Work instruction >> The expected output is the line with "集体宣誓后,学校党委书记汤放" plus all lines after it to the end of the material below, reproduced exactly, with pictures omitted and nothing else included.
═════ Data extract
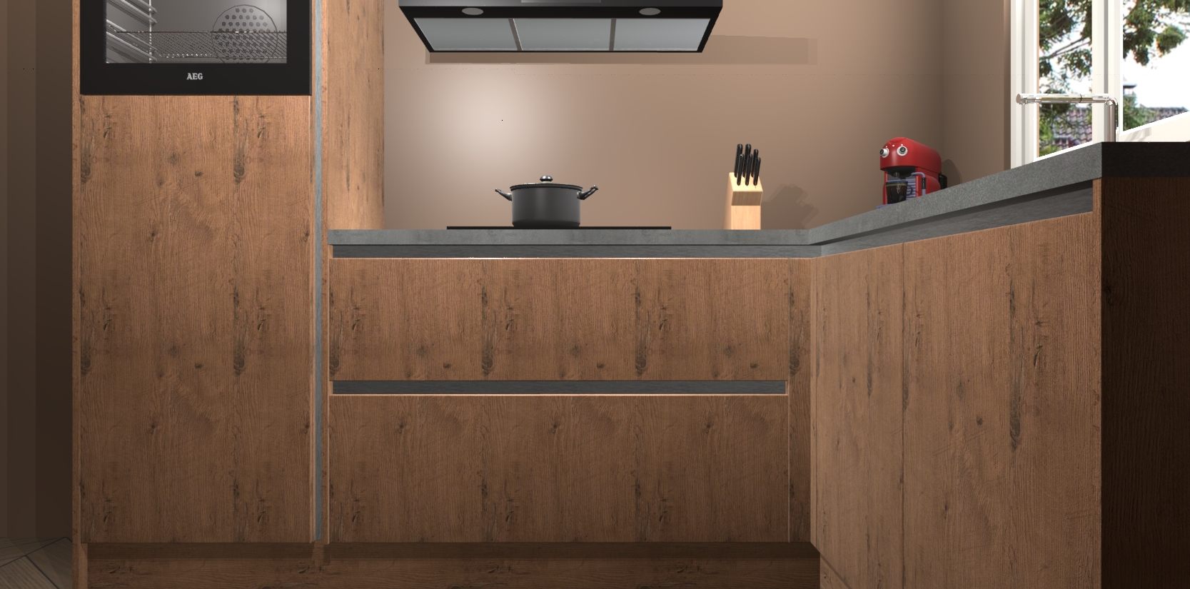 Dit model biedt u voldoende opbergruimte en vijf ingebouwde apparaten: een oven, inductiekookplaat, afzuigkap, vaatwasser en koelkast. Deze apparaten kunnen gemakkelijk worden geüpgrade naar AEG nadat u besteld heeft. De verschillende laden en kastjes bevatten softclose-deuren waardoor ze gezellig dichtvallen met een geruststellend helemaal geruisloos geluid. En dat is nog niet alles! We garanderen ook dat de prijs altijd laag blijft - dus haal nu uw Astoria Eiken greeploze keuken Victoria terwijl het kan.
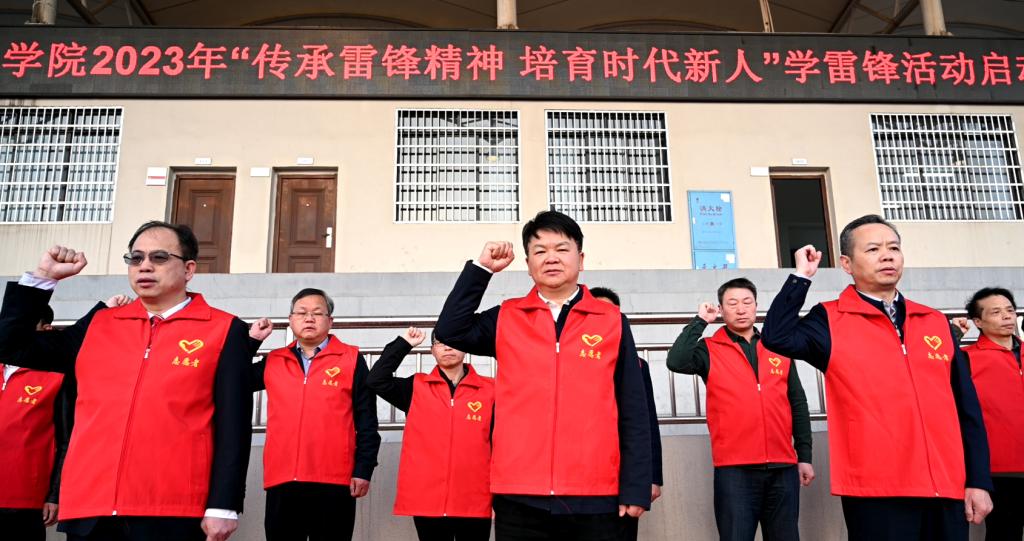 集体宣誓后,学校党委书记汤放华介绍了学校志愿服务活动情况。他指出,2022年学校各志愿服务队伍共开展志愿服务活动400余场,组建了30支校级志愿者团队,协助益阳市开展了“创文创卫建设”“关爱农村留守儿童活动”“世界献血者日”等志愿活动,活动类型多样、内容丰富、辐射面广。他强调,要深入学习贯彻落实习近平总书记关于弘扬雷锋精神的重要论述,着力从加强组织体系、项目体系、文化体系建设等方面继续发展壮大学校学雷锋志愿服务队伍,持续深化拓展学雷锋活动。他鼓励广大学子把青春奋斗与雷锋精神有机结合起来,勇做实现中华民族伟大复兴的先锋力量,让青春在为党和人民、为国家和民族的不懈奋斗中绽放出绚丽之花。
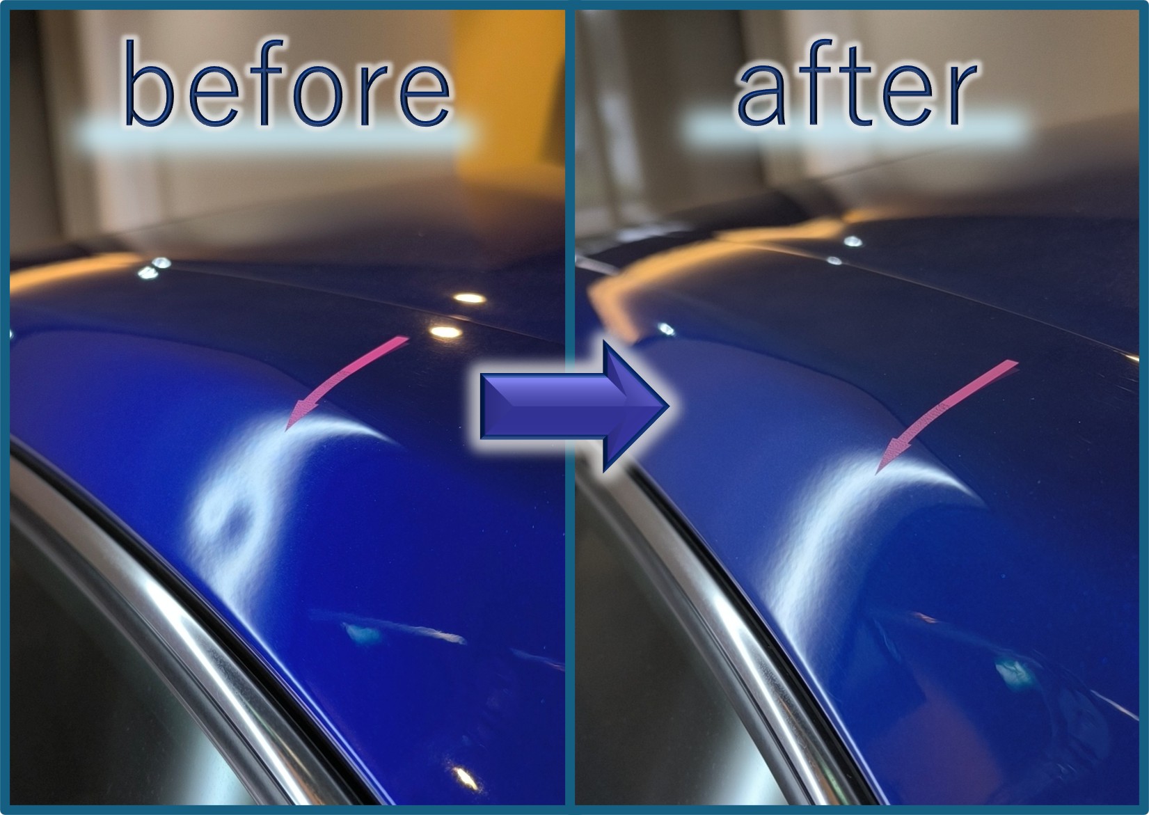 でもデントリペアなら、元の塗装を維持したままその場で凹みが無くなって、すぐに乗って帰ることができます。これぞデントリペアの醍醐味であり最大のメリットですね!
══════════
The completed task >>
 集体宣誓后,学校党委书记汤放华介绍了学校志愿服务活动情况。他指出,2022年学校各志愿服务队伍共开展志愿服务活动400余场,组建了30支校级志愿者团队,协助益阳市开展了“创文创卫建设”“关爱农村留守儿童活动”“世界献血者日”等志愿活动,活动类型多样、内容丰富、辐射面广。他强调,要深入学习贯彻落实习近平总书记关于弘扬雷锋精神的重要论述,着力从加强组织体系、项目体系、文化体系建设等方面继续发展壮大学校学雷锋志愿服务队伍,持续深化拓展学雷锋活动。他鼓励广大学子把青春奋斗与雷锋精神有机结合起来,勇做实现中华民族伟大复兴的先锋力量,让青春在为党和人民、为国家和民族的不懈奋斗中绽放出绚丽之花。
 でもデントリペアなら、元の塗装を維持したままその場で凹みが無くなって、すぐに乗って帰ることができます。これぞデントリペアの醍醐味であり最大のメリットですね!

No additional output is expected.